§ Information
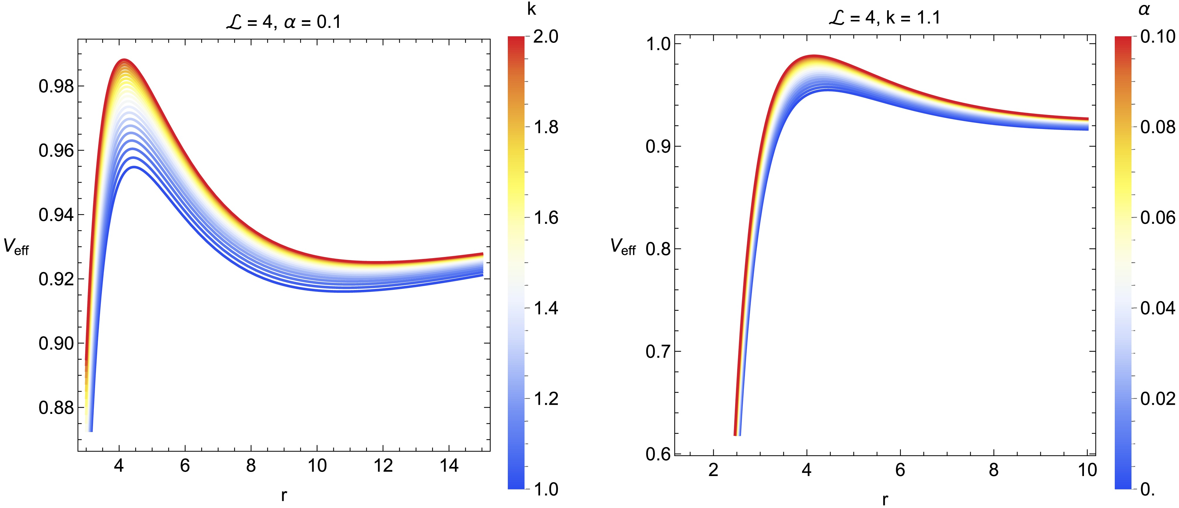 $ \epsilon=1 $ corresponds to time-like particles and$ \epsilon=0 $ to light-like particles. Here, the dot indicates differentiation with respect to τ. Finally, using the normalization condition$ p^\alpha p_\alpha=-1 $ , the effective potential takes the form$ V_{{\rm{eff}}}(r,\theta) = \left(1+\frac{{\cal{L}}^{2}}{r^{2}}\csc^{2}\theta\right) \left(1-\frac{2}{r}-\frac{\alpha}{r^{k}}\right). $
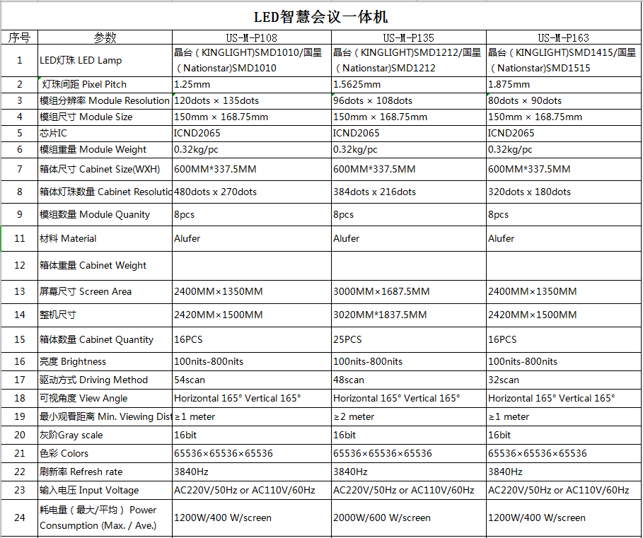LED智慧會議一體機參數:
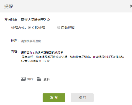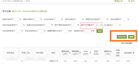 通过超星平台“统计”-“教学预警”,设置预警条件(如:章节访问量低于
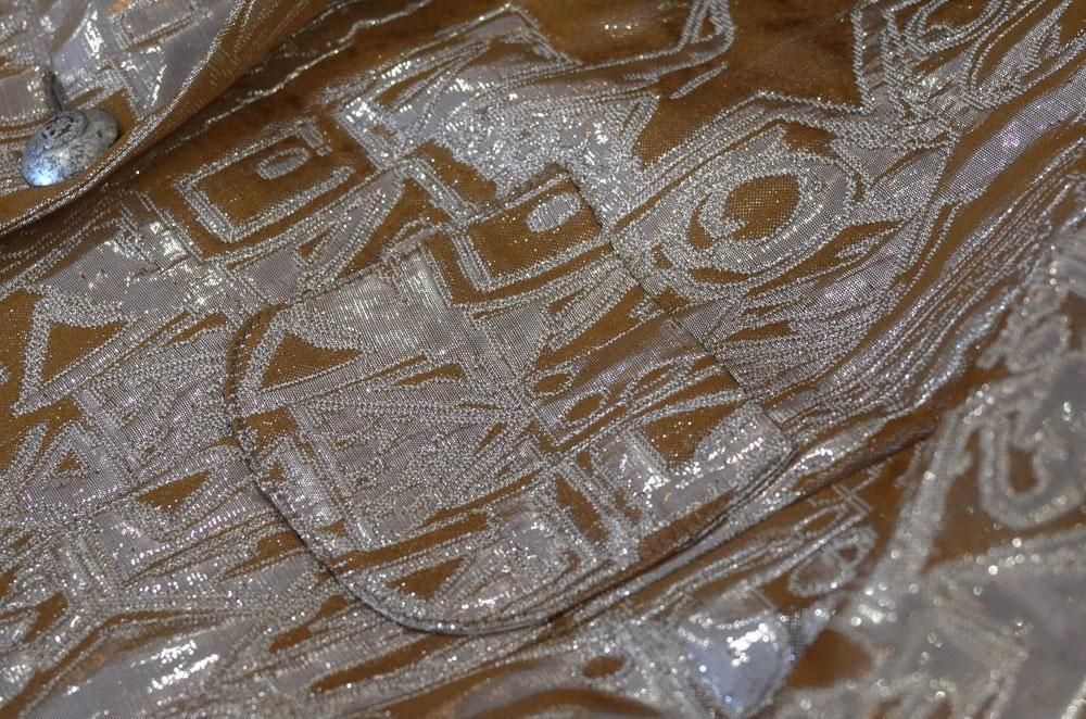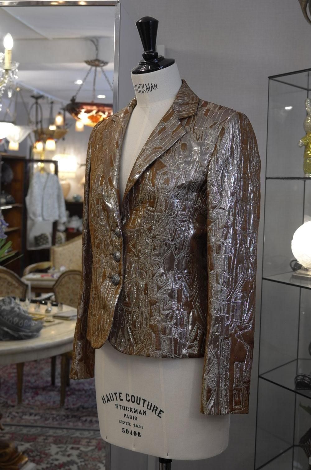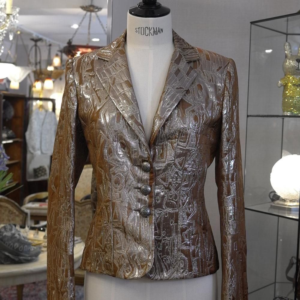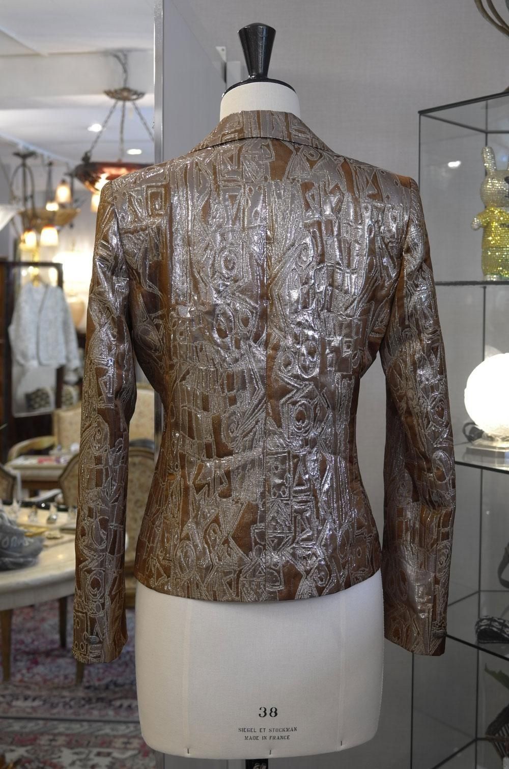 【フランス新品ファッションレディース】テーラードジャケットアウター 幾何学柄 金ボタン 茶ラメ モダン パリ
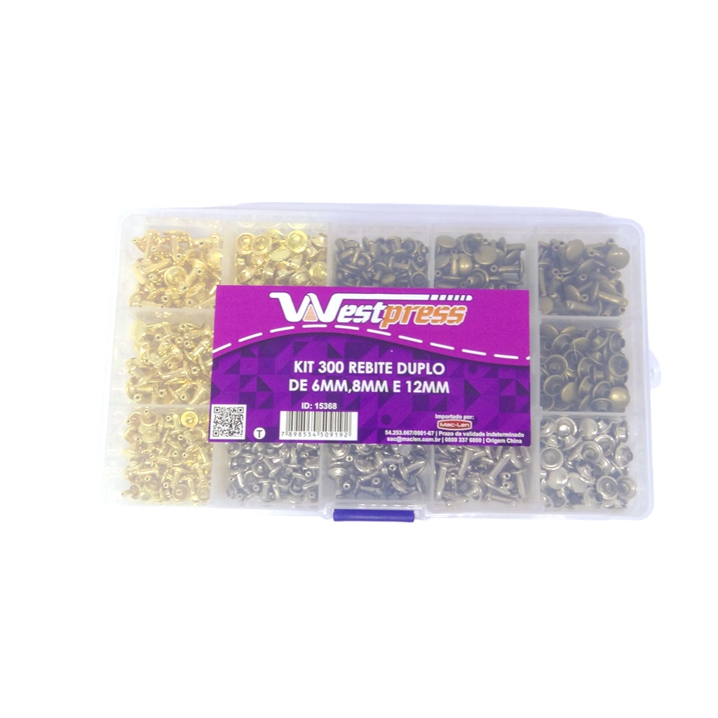 KIT 300 REBITE DUPLO DE 6MM 8MM 12MM
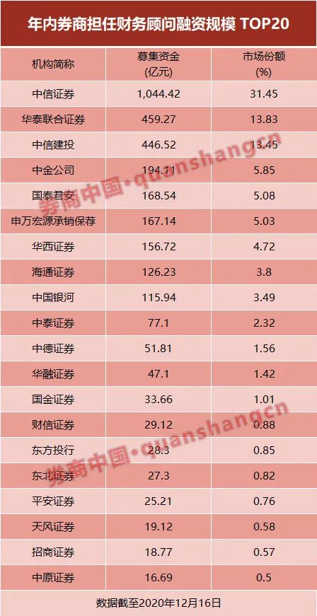 华泰联合证券和中信建投证券年内担任财务顾问的规模均超400亿元,市场份额均超13%。这3家券商合计占据的市场份额超过58%。
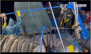 Cả hai con tàu này đều đang ngang nhiên thực hiện hành vi khai thác hải sản bằng lưới kéo đôi (giã cào bay) sai tuyến quy định. “Giã cào bay” được coi là hình thức khai thác tận diệt và hủy hoại nghiêm trọng nguồn lợi thủy sản.
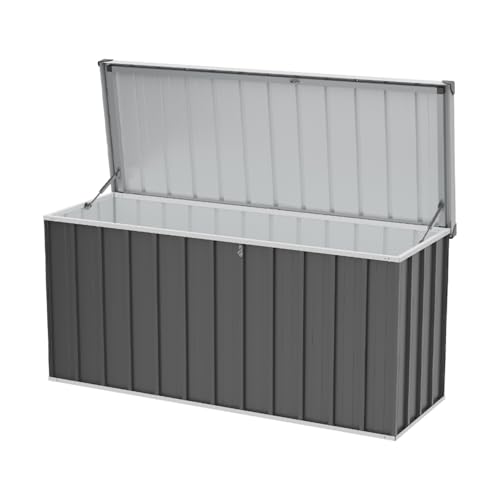 DKIEI 600L Metal Garden Storage Box with Password Padlock | Lockable Large Outdoor Storage Box Waterproof, XXL Outside Garden Boxes for Cushions, Tools, Equipment, 156x61x75 cm, Carbon Black
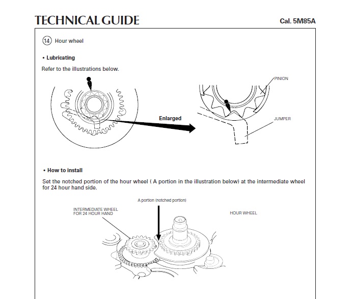 Может у нас разные тех.руководства, т.к. на моем показано как устанавливать часовое колесо, а конкретно сказано: "Установите участок с вырезом часового колеса (часть А на рисунке ниже) у промежуточного колеса со стороны 24-часовой стрелки". Я бы сказал "напротив промежуточного колеса 24-часовой стрелки", но это уже кому какой перевод более приемлем
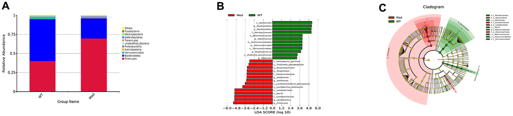 We then analyzed the differences in the abundance and composition of the gut microbial phyla, genera and species in the fecal samples of the Mod and WT groups of mice using 16S ribosomal RNA (rRNA) sequencing data from fecal samples. The predominant intestinal flora in the WT and Mod group mice were Firmicutes and Bacteroides. However, the abundance of Bacteroides was significantly reduced and the abundance of Firmicutes was significantly increased in the Mod group compared to the WT group (Figure 2A). Next, we performed linear discriminant analysis (LDA) to determine LDA effect size (LEfSe) scores followed by Kruskal-Wallis and Wilcoxon tests to evaluate the relative abundance of different taxa in the WT and Mod group mice. The LDA results are shown in Figure 2B. Furthermore, we constructed cladograms showing differential enrichment of various genera and species belonging to the Bacteriodes and Firmicutes phyla in the WT and model groups (Figure 2C). Overall, our results demonstrated impaired cognitive ability and gut microbial dysbiosis in the D-galactose-induced aging model mice.
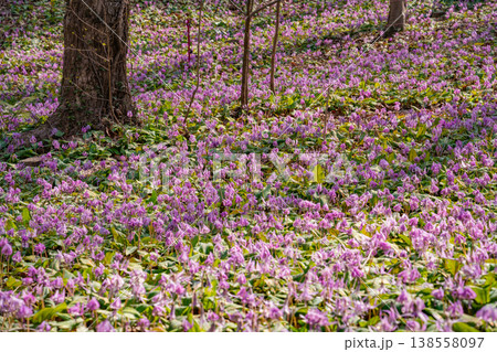 春の可児川下流域自然公園、満開のカタクリ 〈岐阜県可児市〉
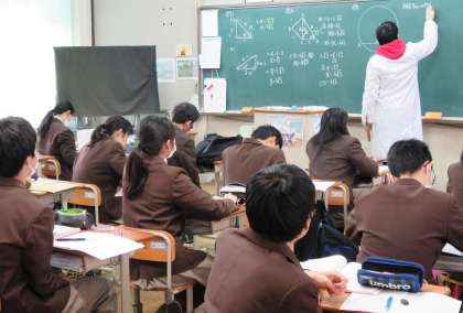 3限の授業の様子です。上から、2組、3組 体育、4組 数学 です。
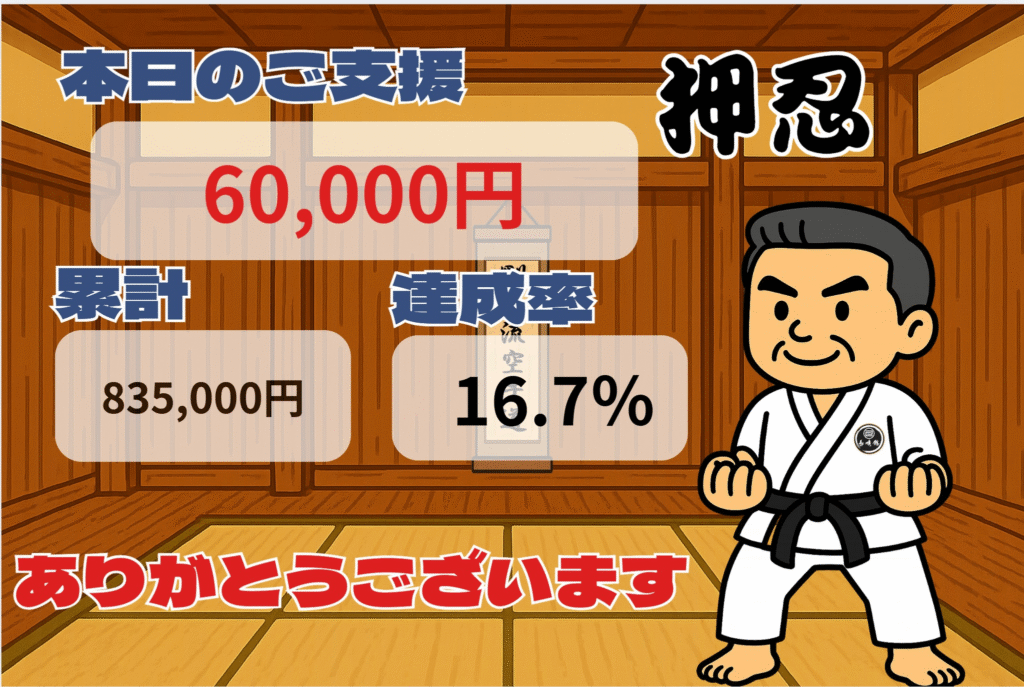 昨日のご支援は 60,000円、累計支援額は 835,000円(達成率16.7%) となりました。
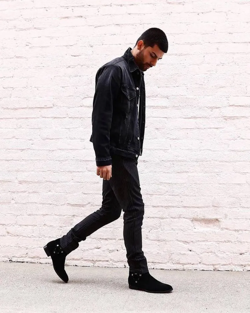 Создайте загадочный образ тотал блэк но с джинсами с рисунком или рванками. Обратите внимание на такие аксессуары, как винтажный жилет или шляпа-федора.
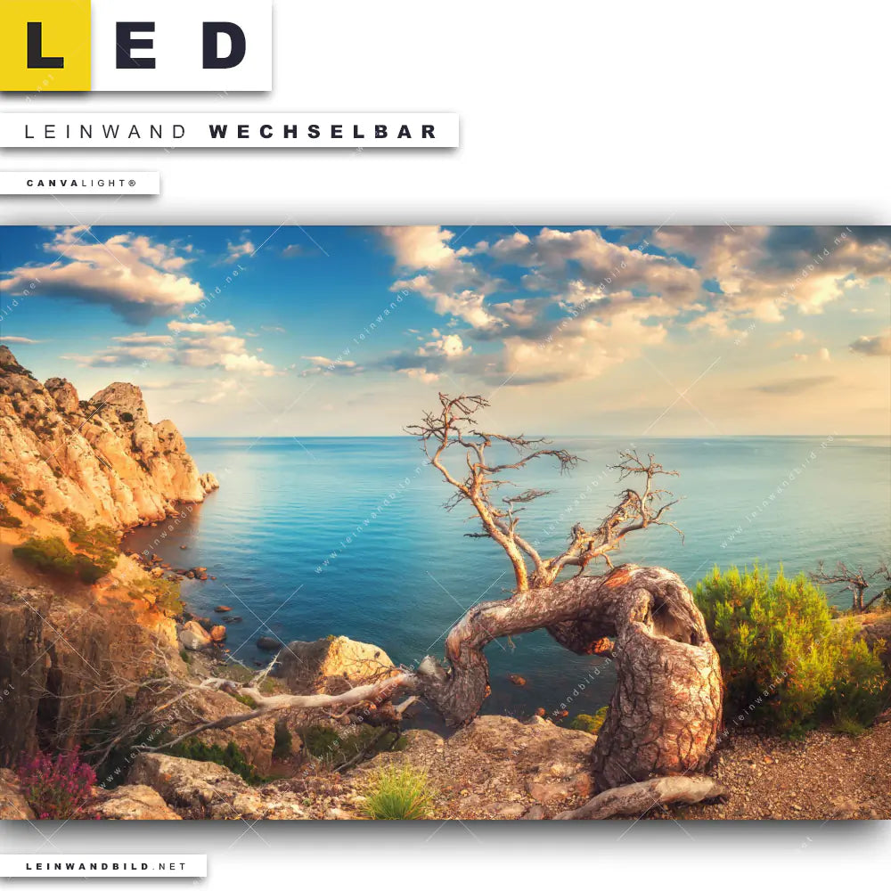 LED Leinwandbild Canvalight® TEX | Küstenlandschaft mit altem Baum | Querformat
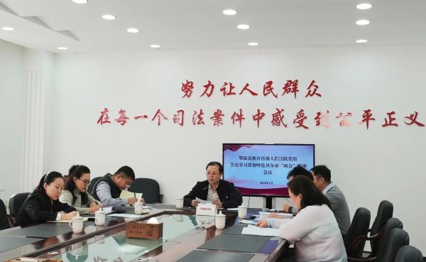 为深入学习领会呼伦贝尔市两会精神、范巧兰院长在呼伦贝尔市两会法院工作报告精神,提升法院人员政治领悟力、政治执行力、政治判断力。1月23日,鄂温克族自治旗人民法院党组召开传达学习贯彻呼伦贝尔市两会精神会议。党组书记、院长安志国主持会议,全体班子成员参加会议。
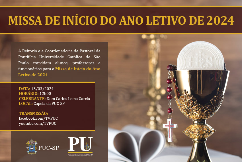 Toda a comunidade está convidada a participar da missa em ação de graças pelo início do ano letivo de 2024. A celebração será realizada em 13/3, às 12h, na Capela da PUC-SP (campus Monte Alegre).
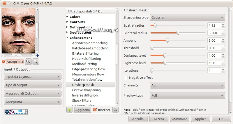 L’utilizzo è semplicissimo installiamo il plugin, avviamo Gimp, File -> Apri e selezioniamo l’immagine da applicare i filtri. Andiamo in Filtri -> G’Mic (l’ultimo in basso) si aprirà una finestra dove in alto a sinistra avremo l’anteprima e al centro i filtri da applicare, una volta scelto e personalizzato clicchiamo su Applica.
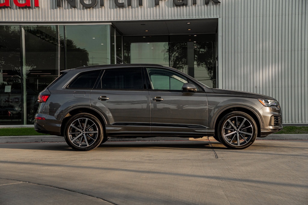 Audi North Park is delighted to offer this charming 2021 Audi Q7 55 Premium Plus. Well equipped with Black Optic Exterior Package (Black Door Blades, Black Front & Rear Bumper Inserts, Black Grille, Black Roof Rails, and Black Window Surrounds), Black Optic Package (Wheels: 21 10-Spoke Star-Design Bi-Color Black), 10 Speakers, 3.204 Axle Ratio, 3rd row seats: bench, 4-Wheel Disc Brakes, ABS brakes, Air Conditioning, Alloy wheels, AM/FM radio: SiriusXM, Audi smartphone interface (Apple CarPlay/Android Auto), Auto High-beam Headlights, Auto-dimming Rear-View mirror, Automatic temperature control, Brake assist, Bumpers: body-color, Compass, Delay-off headlights, Driver door bin, Driver vanity mirror, Dual front impact airbags, Dual front side impact airbags, Electronic Stability Control, Emergency communication system: Audi connect CARE, PRIME & PLUS, Exterior Parking Camera Rear, Four wheel independent suspension, Front anti-roll bar, Front Bucket Seats, Front Center Armrest, Front dual zone A/C, Front fog lights, Front reading lights, Fully automatic headlights, Garage door transmitter: HomeLink, Genuine wood door panel insert, Heated door mirrors, Heated Front Bucket Seats, Heated front seats, Illuminated entry, Leather Seating Surfaces, Leather Shift Knob, Leather steering wheel, Low tire pressure warning, Memory seat, Navigation system: Audi MMI Navigation plus with Touch Response, Occupant sensing airbag, Outside temperature display, Overhead airbag, Overhead console, Panic alarm, Passenger door bin, Passenger vanity mirror, Power door mirrors, Power driver seat, Power Liftgate, Power moonroof, Power passenger seat, Power steering, Power windows, Radio data system, Radio: Audi Sound System, Rain sensing wipers, Rear air conditioning, Rear anti-roll bar, Rear fog lights, Rear reading lights, Rear seat center armrest, Rear window defroster, Rear window wiper, Reclining 3rd row seat, Remote keyless entry, Roof rack: rails only, Security system, Speed control, Speed-sensing steering, Split folding rear seat, Spoiler, Steering wheel memory, Steering wheel mounted audio controls, Tachometer, Telescoping steering wheel, Tilt steering wheel, Traction control, Trip computer, Turn signal indicator mirrors, Variably intermittent wipers, and Wheels: 19 5-Arm-Star Design.

§ Work required
Given the entries above, transcribe exactly the lines from the one holding "KIT 300 REBITE DUPLO DE 6MM 8MM 12MM" through the one holding "华泰联合证券和中信建投证券年"; pictures do not belong in the transcription.

§ The completed task
 KIT 300 REBITE DUPLO DE 6MM 8MM 12MM
 华泰联合证券和中信建投证券年内担任财务顾问的规模均超400亿元,市场份额均超13%。这3家券商合计占据的市场份额超过58%。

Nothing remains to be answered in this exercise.